Le processus de désinflation amorcé en 2023 peinait à se poursuivre avant même le début de la guerre, selon l'indice des prix PCE, le plus suivi par la Fed. Cet indicateur a augmenté de 2,9% l'année dernière, après une légère accélération en fin d'année. Hors alimentation et énergie, la hausse est même de 3%. Le mois de janvier n'a pas révélé de changement de tendance, avec une hausse de 2,8% sur 12 mois de l'indice global et de 3,1% de l'indice de base.

Plusieurs dirigeants de la Fed ont répété ces derniers mois qu'ils auraient besoin d'être convaincus que l'inflation est en passe de retomber à 2% pour reprendre leur cycle de baisse des taux, interrompu en décembre.

Les grands argentiers américains redoutent toutefois d'être confrontés à un phénomène de stagflation, si un regain de tensions sur les prix venait se conjuguer à une détérioration supplémentaire du marché du travail. L'emploi américain a poursuivi son ralentissement ces derniers mois, essuyant même 92.000 destructions de postes en février après une performance relativement solide en janvier.

Lors de son intervention de mercredi, le président de la Fed a reconnu l'existence d'une "tension entre nos deux objectifs, avec un risque de hausse de l'inflation et de baisse de l'emploi". Mais il a jugé inadapté le terme de stagflation, qui "correspondait dans les années 1970, à des niveaux d'inflation et de chômage bien plus élevés qu'aujourd'hui".

"Je réserverais le terme de stagflation à une situation bien plus sérieuse", a ajouté Jerome Powell.

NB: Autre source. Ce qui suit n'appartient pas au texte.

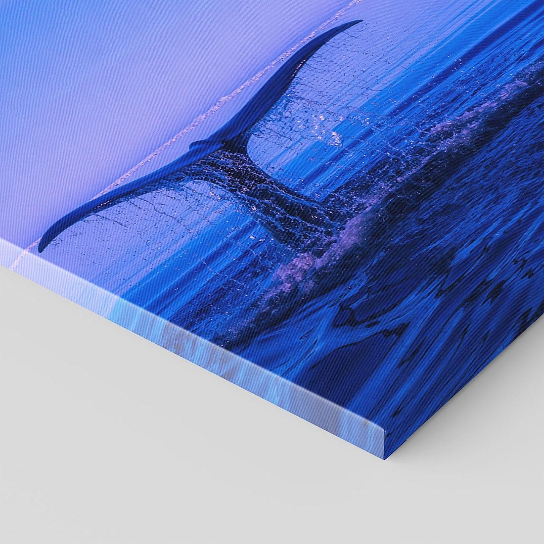 Ten malowniczy obraz ukazuje majestatycznego wieloryba unoszącego się nad szerokim oceanem. Przenieś się w świat tajemnic i siły tych wspaniałych morskich stworzeń. Dodaj nutę egzotyki i fascynacji przyrodą swojemu wnętrzu tym wyjątkowym dziełem sztuki.

Selon les projections mises à jour mercredi, la Fed table sur une croissance économique de 2,4% en 2026, au lieu de 2,3% jusqu'à présent, et sur un taux de chômage de 4,4% en fin d'année, un chiffre inchangé par rapport aux précédentes prévisions.

+Powell attendra la fin de l'enquête pour quitter la Fed+

Au sujet de sa situation personnel, Jerome Powell a par ailleurs indiqué qu'il n'entendait pas quitter son poste de gouverneur de la Fed tant que l'enquête pénale initiée contre lui par le département de la Justice au sujet de la rénovation de la banque centrale ne serait pas terminée.

Donald Trump a annoncé son intention de nommer Kevin Warsh comme président de la Fed, alors que le mandat de Jerome Powell se termine en mai. Mais ce dernier a également la possibilité de se maintenir au conseil des gouverneurs de l'institution jusqu'au début de 2028. Le dirigeant a affirmé mercredi qu'il n'avait pas encore pris de décision à ce sujet.